If you also want to modify the code, run this:
```
python setup.py develop
```

Note that we have excluded all data and pretrain files for fast deployment. You can manually download them by running scripts in the ``benchmark`` and ``pretrain`` folders. For example, if you want to download FewRel dataset, you can run

```bash
bash benchmark/download_fewrel.sh
```

## Easy Start

Make sure you have installed OpenNRE as instructed above. Then import our package and load pre-trained models.

```python
>>> import opennre
>>> model = opennre.get_model('wiki80_cnn_softmax')
```

Note that it may take a few minutes to download checkpoint and data for the first time. Then use `infer` to do sentence-level relation extraction

```python
>>> model.infer({'text': 'He was the son of Máel Dúin mac Máele Fithrich, and grandson of the high king Áed Uaridnach (died 612).', 'h': {'pos': (18, 46)}, 't': {'pos': (78, 91)}})
('father', 0.5108704566955566)
```

You will get the relation result and its confidence score.

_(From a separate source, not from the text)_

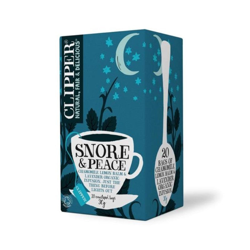 20 bags de infusión Snore & Peace marca Clipper Ingredientes: manzanilla, bálsamo de limón, limoncillo, lavanda, semilla de hinojo, rosa mosqueta , menta, saborizante natural.

If you want to use the model on your GPU, just run 
```python
>>> model = model.cuda()
```
before calling the inference function.

For now, we have the following available models:

* `wiki80_cnn_softmax`: trained on `wiki80` dataset with a CNN encoder.
* `wiki80_bert_softmax`: trained on `wiki80` dataset with a BERT encoder.
* `wiki80_bertentity_softmax`: trained on `wiki80` dataset with a BERT encoder (using entity representation concatenation).
* `tacred_bert_softmax`: trained on `TACRED` dataset with a BERT encoder.
* `tacred_bertentity_softmax`: trained on `TACRED` dataset with a BERT encoder (using entity representation concatenation).

## Datasets 

You can go into the `benchmark` folder and download datasets using our scripts. We also list some of the information about the datasets in [this document](https://opennre-docs.readthedocs.io/en/latest/get_started/benchmark.html#bag-level-relation-extraction). 

## Training

You can train your own models on your own data with OpenNRE. In `example` folder we give example training codes for supervised RE models and bag-level RE models. You can either use our provided datasets or your own datasets. For example, you can use the following script to train a PCNN-ATT bag-level model on the NYT10 dataset with manual test set:
```bash
python example/train_bag_cnn.py \
    --metric auc \
    --dataset nyt10m \
    --batch_size 160 \
    --lr 0.1 \
    --weight_decay 1e-5 \
    --max_epoch 100 \
    --max_length 128 \
    --seed 42 \
    --encoder pcnn \
    --aggr att
```

Or use the following script to train a BERT model on the Wiki80 dataset:
```bash
python example/train_supervised_bert.py \
    --pretrain_path bert-base-uncased \
    --dataset wiki80
```

We provide many options in the example training code and you can check them out for detailed instructions.